The MoJ’s recent consultation paper authors chose not to include the best estimates of unreported casualties. In it, the government department said that claims have gone up by claims have gone up by 50% since 2006, despite the fact that there has been a 26% decline in accidents.
“This increase [in claims] over the last decade has coincided with a decrease in RTAs reported to the police from around 190,000 in 2006 to around 142,000 in 2015,” said the consultation’s authors.
However, DfT figures recently published in Parliament in response to a Parliamentary Question from Louise Ellman MP, chair of the Transport Select Committee, have, says MASS, undermined the MoJ’s argument.

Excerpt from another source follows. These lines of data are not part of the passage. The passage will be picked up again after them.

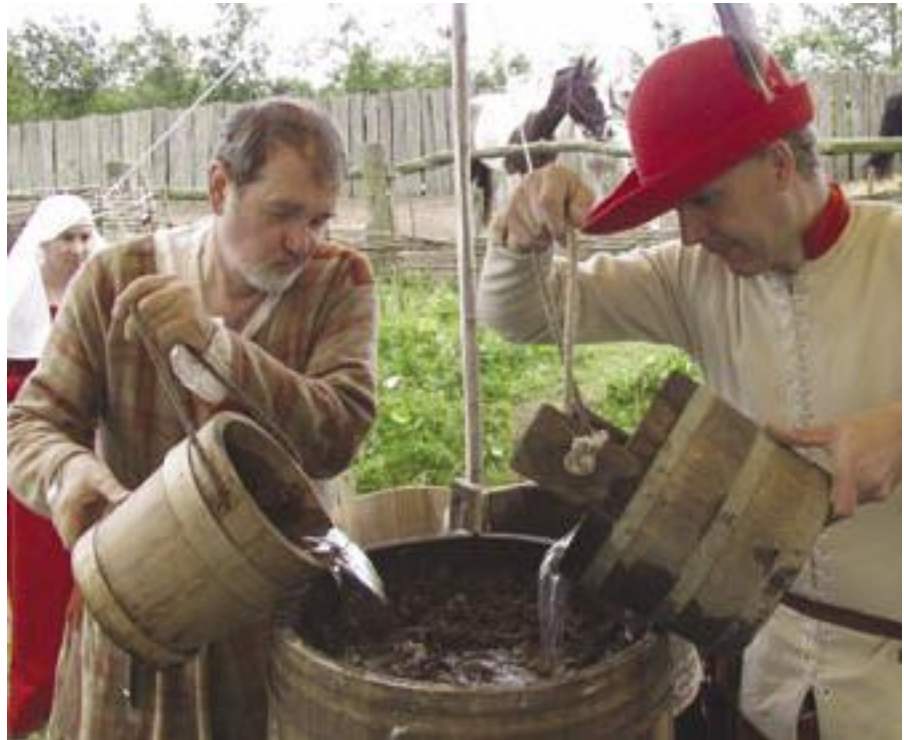
Making saltpetre at the Medieval Centre.

In 2004 members of the Group excavated about 1 cubic metre of the chicken shit material and attempted to extract saltpetre from it. The extraction process is done with water. A small hole is drilled in the bottom of a small wooden barrel and this hole is plugged up. The barrel is filled with the rotted manure and then water is added. The nitrates in the manure, which are very soluble, dissolve and after a few hours the plug is removed and the water drained out into a bucket. This process is repeated as many times as you have manure. The water containing the saltpetre is then put into an iron cauldron and boiled down to concentrate it. Once it has been boiled right down the water is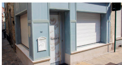
Bulles d'R - Spa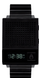
All Black A1266-001 160€

The figures, which MASS says have a 90% statistical reliability, show that between 2011 and 2015, around 460,000 “slight” injuries per year went unreported to the police, with around 60,000 serious injuries from RTAs also going unreported.
In addition, the DfT’s estimates that there are around 710,000 people injured in road traffic accidents (reported and unreported) each year. The DfT’s report, published 29 September 2016 says that “the current best estimate” is that around 710,000 people are injured to some degree in road traffic accidents each year. Of these, it goes on to say, only around 191,000 casualties are reported to the police and recorded in stats. This suggests that about 519,000 casualties are unreported a year, of which roughly 57,000 probably had a serious injury.
Simon Stanfield, chair of MASS, said: “It is hugely disappointing that the Ministry of Justice has adopted the tactic of selectively using DfT data to try and justify its attack upon the rights of motor accident victims. The DfT’s best estimate is that there are around 710,000 people injured on our roads each year, but the MoJ have cherry-picked the figures to suit their agenda.
“What we need is evidence-based policy to tackle the issues in the claims sector, not continued attempts to ignore the evidence of the number of road casualties to suit its policy agenda. With the evidence now before Parliament in black and white, the MoJ must now acknowledge that its evidence base for these proposals is seriously and perhaps fatally flawed.”